Scalable Carbonthermal Synthesis of Hierarchical Bi@C Anode for Superior Sodium‐Ion Batteries

Bismuth (Bi) has emerged as a promising anode material for sodium‐ion batteries (SIBs) due to its ultrahigh theoretical volumetric specific capacity (3765 mAh cm −3 ). However, Bi anodes undergo volume fluctuation during Na + insertion/extraction, which leads to the destruction of the electrode structure, resulting in capacity decay and poor cycle life. Herein, hierarchical Bi@C micro‐bricks were fabricated via a scalable carbothermal reduction method.
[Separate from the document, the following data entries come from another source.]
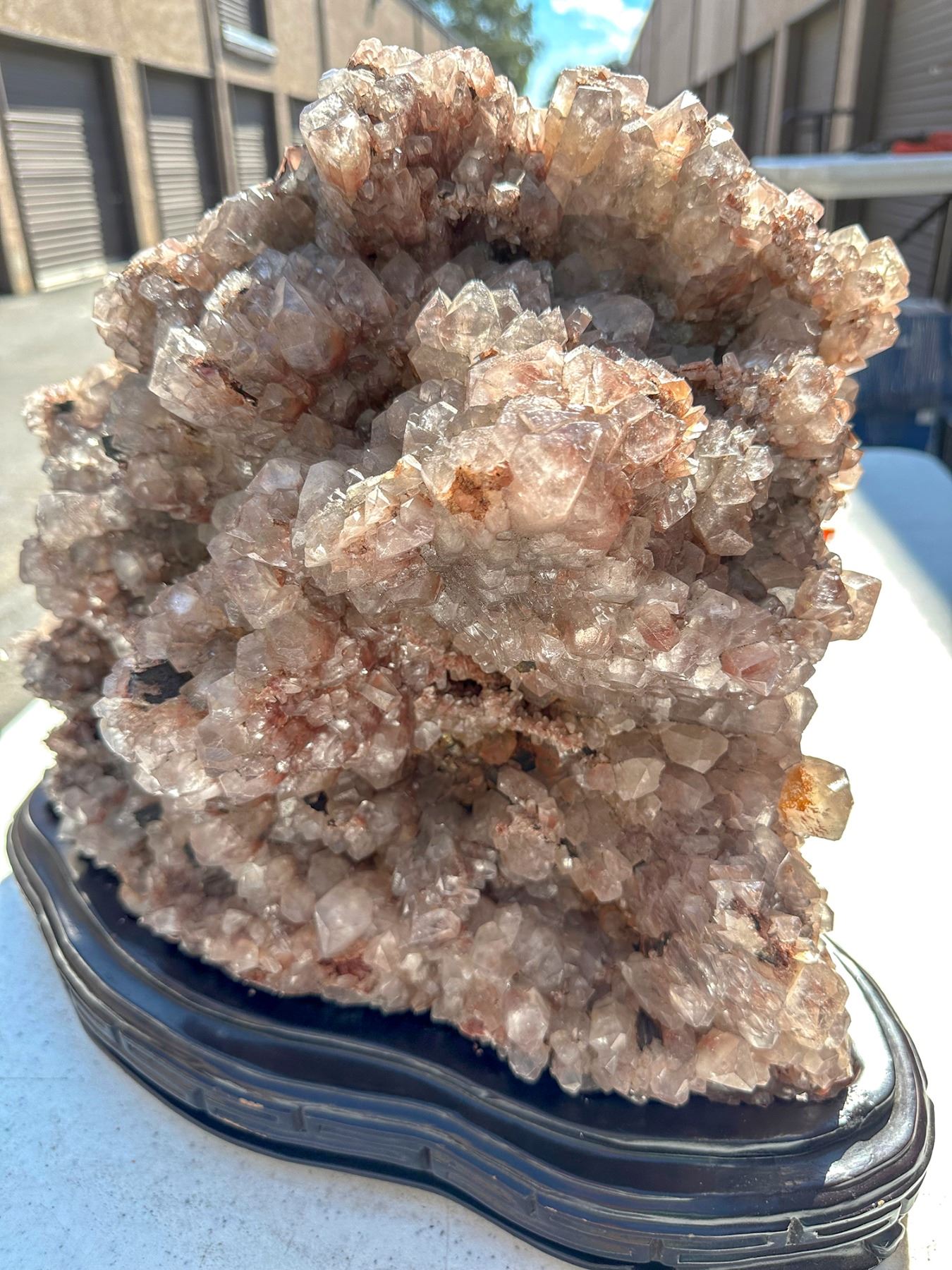 Large pink calcite crystal mass 12 x 16 x 10” base China Chunlin Zhu Collection
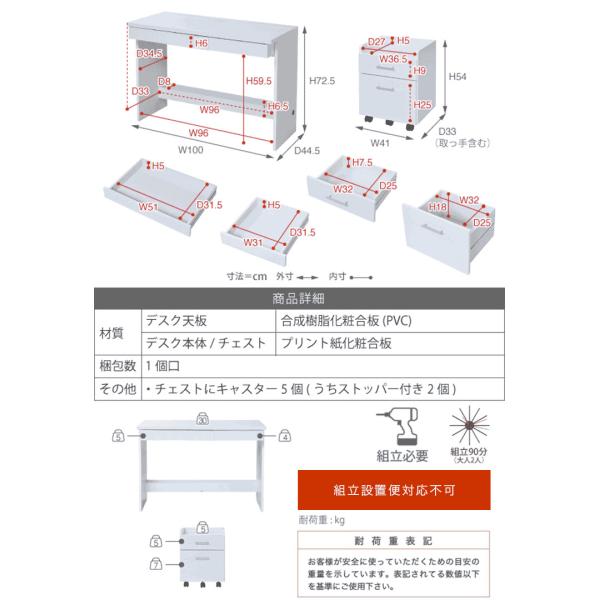 学習机 リビングデスク ワークデスク オフィス リビング 子供部屋 ワゴン 収納 SOHO シンプル フリエル デスク&チェストセット 2点セット SGT-0125 3色対応
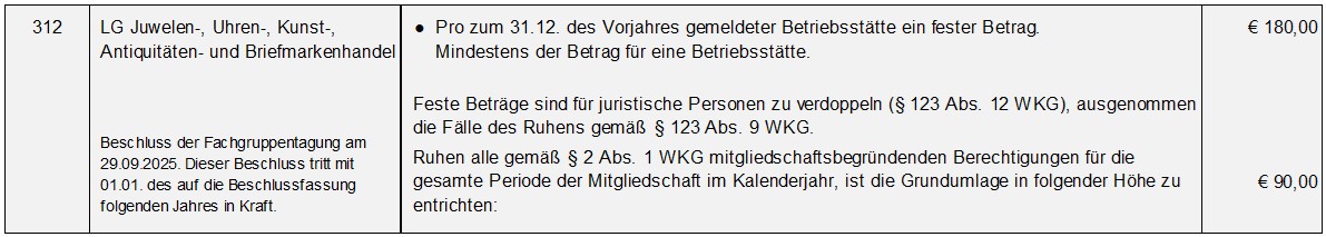Beilage zur Einladung der Tagung des Landesgremiums OÖ Juwelen-, Uhren-, Kunst-, Antiquitäten- und Briefmarkenhandel
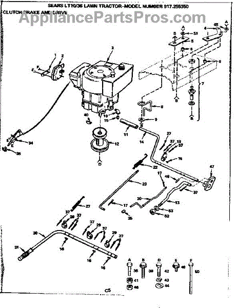 Parts for Craftsman 917255350: 36 Lawn Tractor / Clutch Brake And Drive Parts
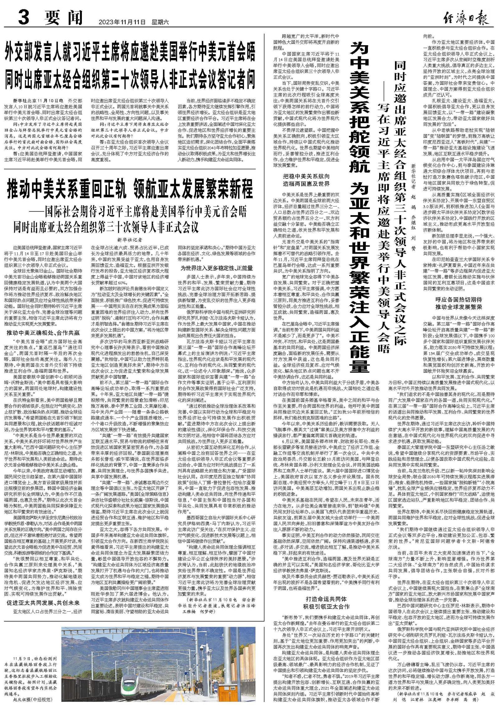 当下,国际局势变乱交织,中美关系也处于关键十字路口。习近平主席的此次行程吸引全球高度关注:中美两国关系将在元首外交引领下获得怎样的前行动力,中国将为亚太地区的发展繁荣作出哪些新贡献,中国式现代化将为世界现代化提供哪些启示。

Due to the unique hierarchical structure, the carbon matrix effectively suppresses the volume expansion of the Bi anode and preserves the structural stability during cycling. Compared to pure Bi, this Bi@C demonstrates dramatically enhanced cycling stability and maintains a stable capacity of 335.09 mAh g −1 after 700 cycles at 0.5 A g −1 . Even at 1.0 A g −1 , this hierarchical Bi@C micro‐bricks also retains a capacity of 307.32 mAh g −1 after 900 cycles. Furthermore, the dynamic performance analysis confirms that this carbon composite multilevel structure design strategy effectively enhanced the diffusion kinetics of Na + , thus resulting in superior rate capability and cycling stability. These findings provide valuable insights for developing a hierarchical alloy composite anode with high performance for SIBs.